Miljenko Kovačić

Personal information
- Date of birth: 19 March 1973
- Place of birth: Zagreb, SR Croatia, SFR Yugoslavia
- Date of death: 20 August 2005 (aged 32)
- Place of death: Sveta Helena, Croatia
- Height: 1.81 m (5 ft 11+1⁄2 in)
- Position: Forward

Senior career*
- Years: Team / Apps / (Gls)
- 1993–1996: Croatia Zagreb / 26 / (7)
- 1996–1999: Brescia / 18 / (2)
- 2000–2001: PIK Vrbovec
- 2001–2003: Slaven Belupo / 57 / (14)
- 2003–2004: Hapoel Petah Tikva / 30 / (2)

= Miljenko Kovačić =

Croatian footballer

Miljenko Kovačić (19 March 1973 – 20 August 2005) was a Croatian football player.
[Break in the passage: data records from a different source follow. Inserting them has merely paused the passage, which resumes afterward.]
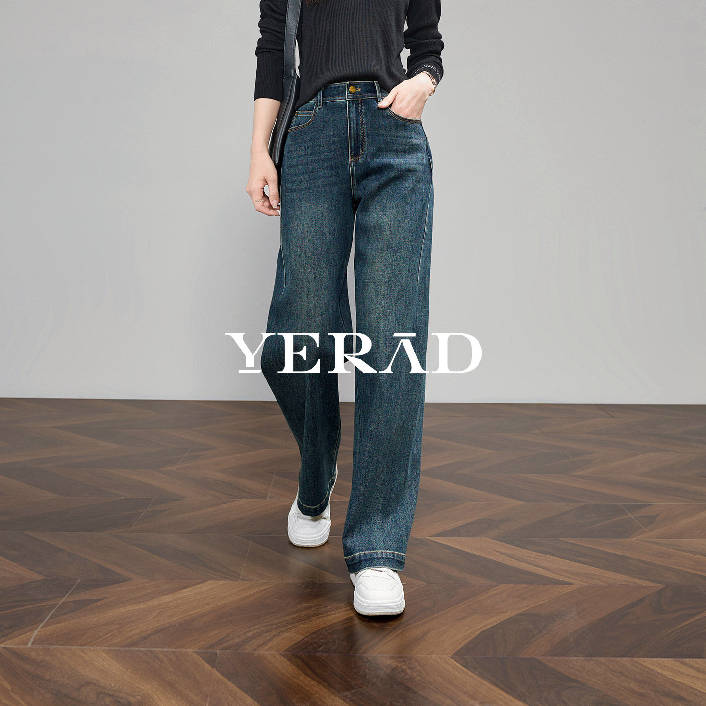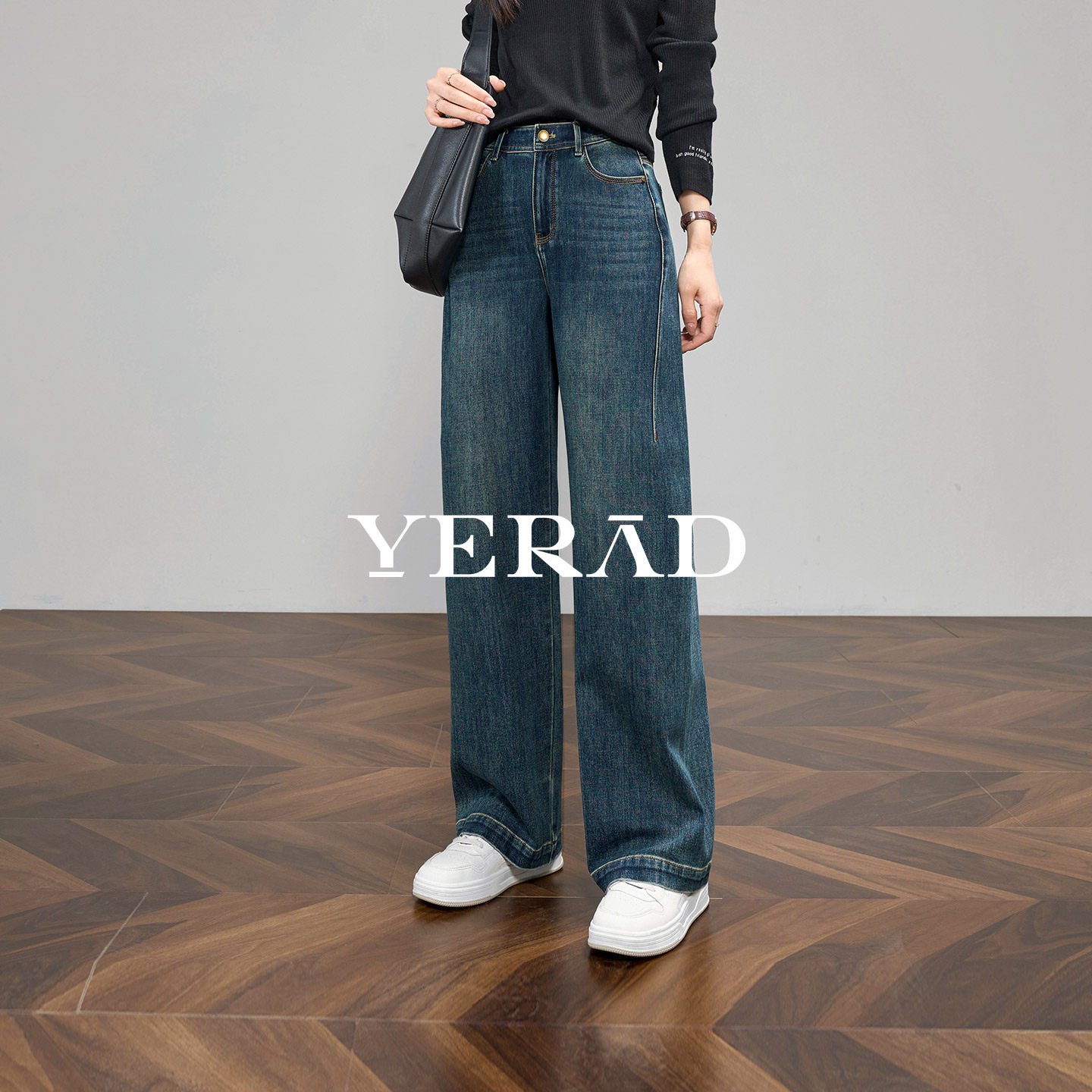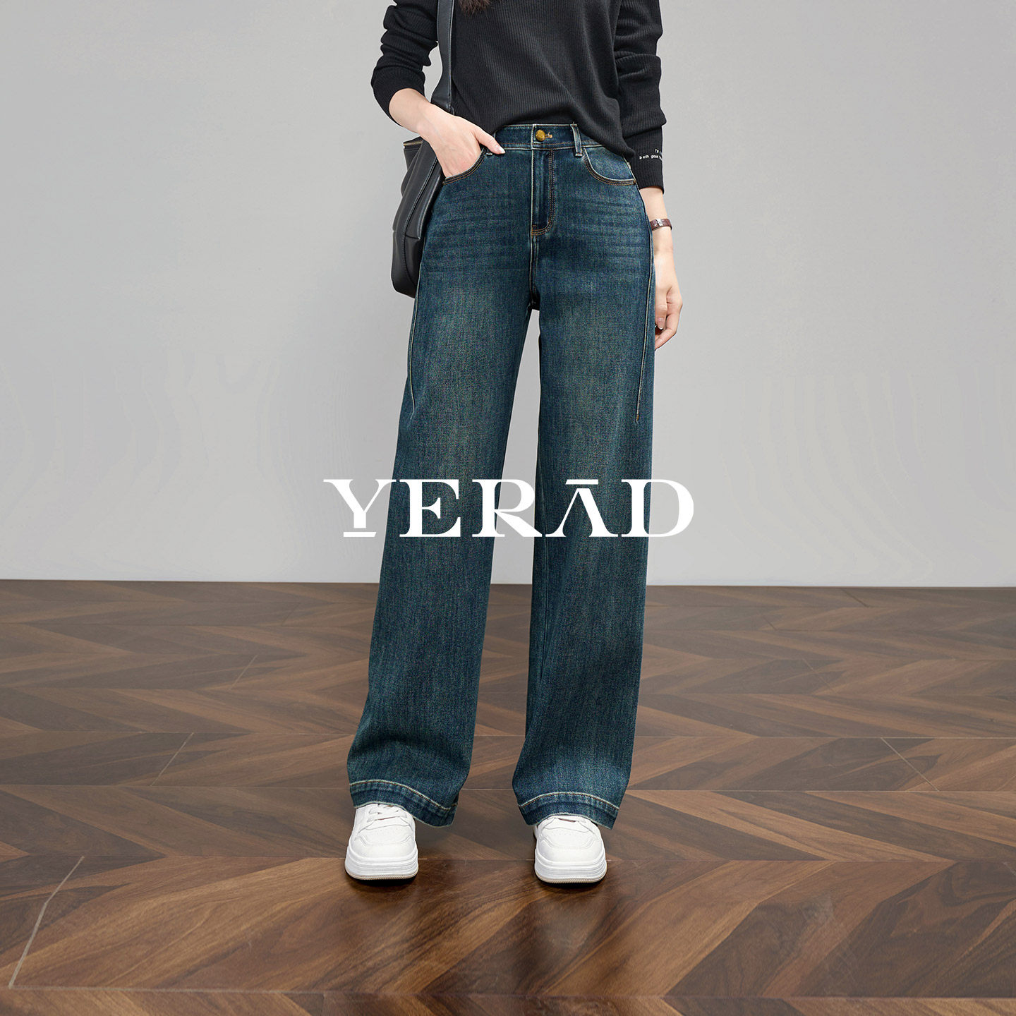 【弹力自由裤】娅丽达阔腿牛仔裤女2025新款秋宽松遮肉垂顺直筒裤
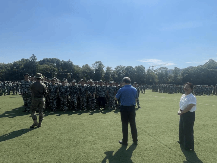 谢幸荣副书记走到新生中间,和大家亲切交流,了解大家的军训进度与需求。她表示,学院始终牵挂着军训中的同学们,希望大家能在严格的训练中,培养纪律意识与团队精神,同时也要照顾好自己,以健康的身体和积极的心态投入训练。
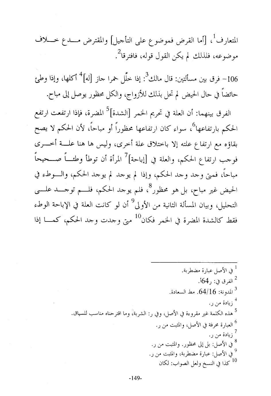 106 - فرق بين مسألتين: قال مالك (¬3): إذا خلَّل خمرا جاز [له] (¬4) أكلها، وإذا وطئ حائضًا في حال الحيض لم تحل بذلك للأزواج، والكل محظور يوصل إلى مباح.
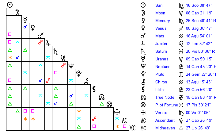 | Mercury | 26 Scorpio 49 | 9 Sagittarius 13 | 3 Pisces 47 |
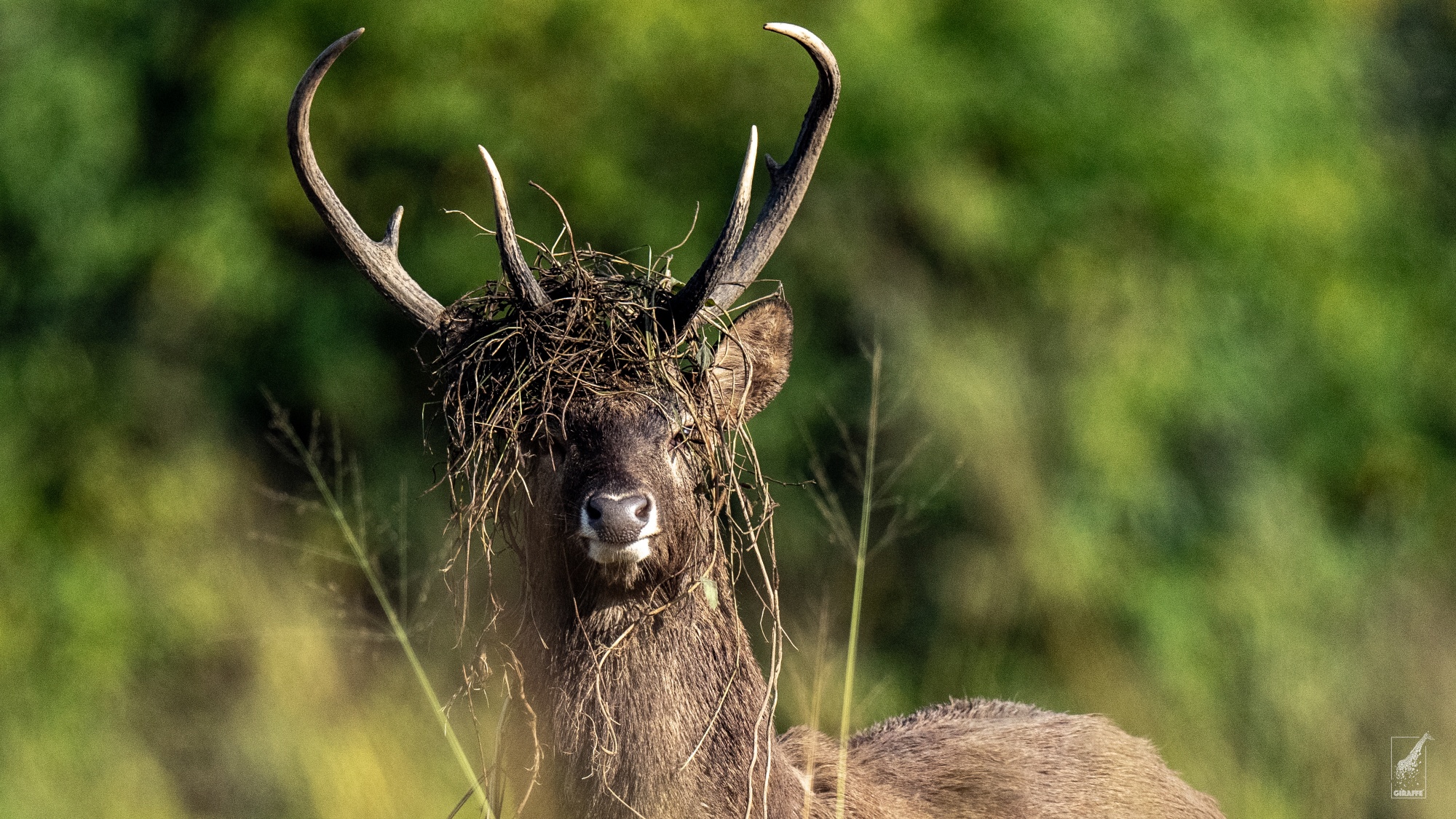 雄鹿头上一对漂亮的鹿角,其角形比较独特,角的主干与眉枝从角基部呈钝角分开,眉枝向前伸出,再稍向前上方弯曲。主干先向后伸长,再向上向前弯曲,呈弯弓型。整个角型私英文字母“C”,主干基本不分枝。
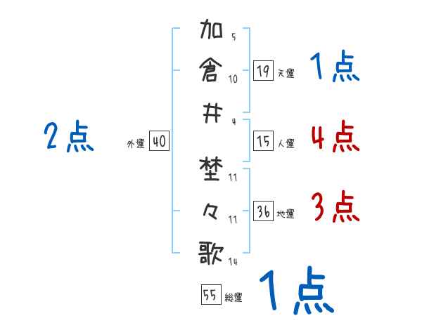 総運![]() | 加倉井埜々歌さんの総運は55画の1つ星!欲張りな性格で軽率な行動に注意しましょう。病気に気をつけて。 あなたの人生を表す1番重要な運勢です。生涯を通じて影響する総合運となり、主に50歳以降の晩年期に影響を及ぼします。 |
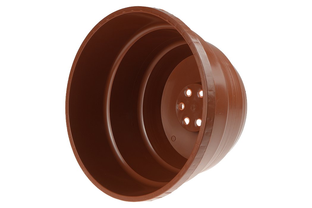 Doniczka wisząca 23 cm w kolorze terakota to rozwiązanie dla profesjonalnych producentów roślin balkonowych. Sprawdza się w intensywnej produkcji surfinii oraz pelargonii, zapewniając odpowiednią przestrzeń dla systemu korzeniowego oraz stabilność rośliny w fazie sprzedażowej.
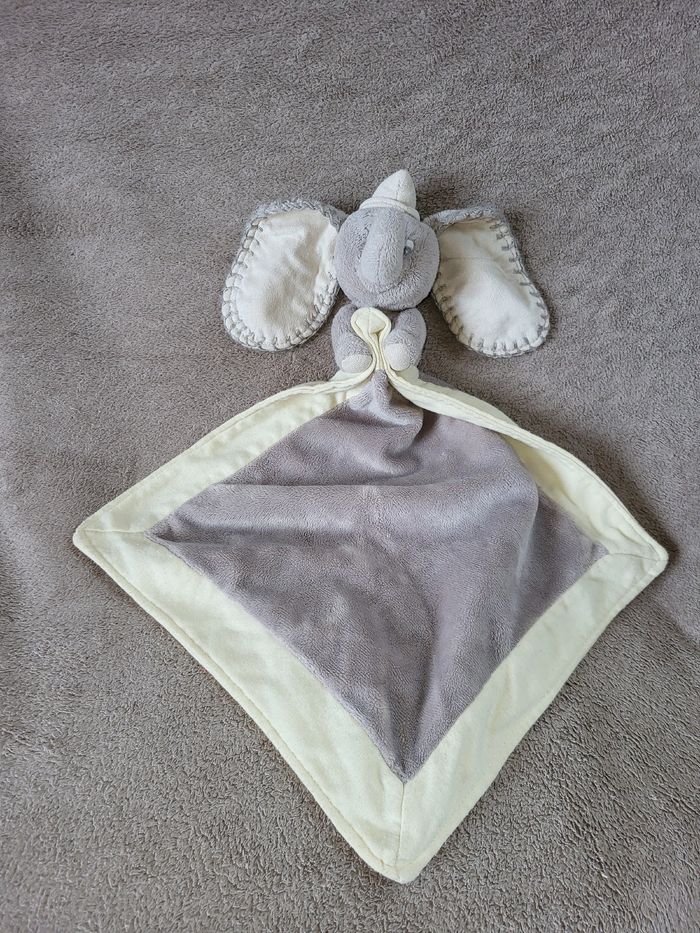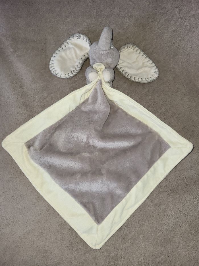 Doudou plat Éléphant Dumbo Nicotoy Disney Peluche éléphant en velours gris qui tient entre ses pattes un mouchoir, d'environ 29cm, en velours gris tout doux, le contour est en tissu crème (ce dernier présente de petites bouloches) Intérieur des oreilles et bonnet en velours daim crème #virgy61joueteveil #virgy61puericulture

His nickname was "The Son of the Wind".

==Club career==
He played professionally for quite a few teams, most notably for Dinamo Zagreb with which he was part of the national championship victory in 1995–1996 and Brescia (Italy). Certain choices he made in his professional career were interesting, at one point he quit playing because of religious reasons (he was a member of the Hare Krishna religion) stating money being the root of evil and that he was content with what he had. This was a shock to his employer at the time, the professional Italian team Brescia. Kovačić did return to professional soccer briefly in 2001, but quit again in 2005 due to family reasons.

==Death==
He lost his life in a motorcycle accident in 2005.